In today's environment someone will get pissed about anything. But no one stormed the castle when Stephen King said Richard Bachman was a veteran. Worry about it if you wish. But, frankly, this is a rookie concern that doesn't mean anything to more experienced writers.


----------



## Bayview (Jul 21, 2017)

Terry D said:


> In today's environment someone will get pissed about anything. But no one stormed the castle when Stephen King said Richard Bachman was a veteran. Worry about it if you wish. But, frankly, this is a rookie concern that doesn't mean anything to more experienced writers.



I have over thirty novels published. I would never outright lie in an author bio.


----------



## Terry D (Jul 22, 2017)

And you are entitled to your opinion, just as any of us are.
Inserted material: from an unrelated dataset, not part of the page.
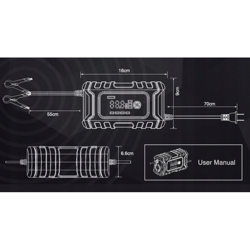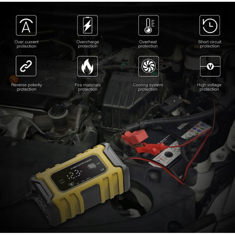 Ładowarka akumulatorów zapewnia ochronę przed odwrotną polaryzacją, zwarciem, przepięciem, niskim napięciem, przetężeniem i przegrzaniem, sprzężeniem zwrotnym, przed porażeniem elektrycznym ( w pełni owinięte zaciski krokodylowe są solidne i bezpieczne w użyciu).

This discussion has veered into pendency, so I'll leave it at that.


----------



## Bayview (Jul 22, 2017)

Terry D said:


> And you are entitled to your opinion, just as any of us are. This discussion has veered into pendency, so I'll leave it at that.



It'd probably be pedantic to point out that the more usual word is "pedantry"?

And I agree that my opinion isn't intrinsically worth more than anyone else's. I just don't agree that worrying about how one represents oneself is "a rookie concern that doesn't mean anything to more experienced writers" and I use my experience as evidence of that.


----------



## Terry D (Jul 22, 2017)

Bayview said:


> It'd probably be pedantic to point out that the more usual word is "pedantry"?



You are right. Thanks for the correction.



> And I agree that my opinion isn't intrinsically worth more than anyone else's. I just don't agree that worrying about how one represents oneself is "a rookie concern that doesn't mean anything to more experienced writers" and I use my experience as evidence of that.



You are already misrepresenting yourself by using a pen name. Everything else is simply a matter of degree. A point I made long ago.


----------



## Jack of all trades (Jul 22, 2017)

Terry D said:


> You are right. Thanks for the correction.


Completely different meanings : 

"ped·ant·ry /ped()ntrē/ noun excessive concern with minor details and rules." 

Vs

"Pendency | Define Pendency at Dictionary.com www.dictionary.com/browse/pendency the state or time of being pending, undecided, or undetermined, as of a lawsuit"




> You are already misrepresenting yourself by using a pen name. Everything else is simply a matter of degree. A point I made long ago.



This kinda makes the opposing point. You feel that using a pen name is a misrepresentation. From there to "an in-depth, fictional bio is a making a bad thing worse" is not such a far leap.


----------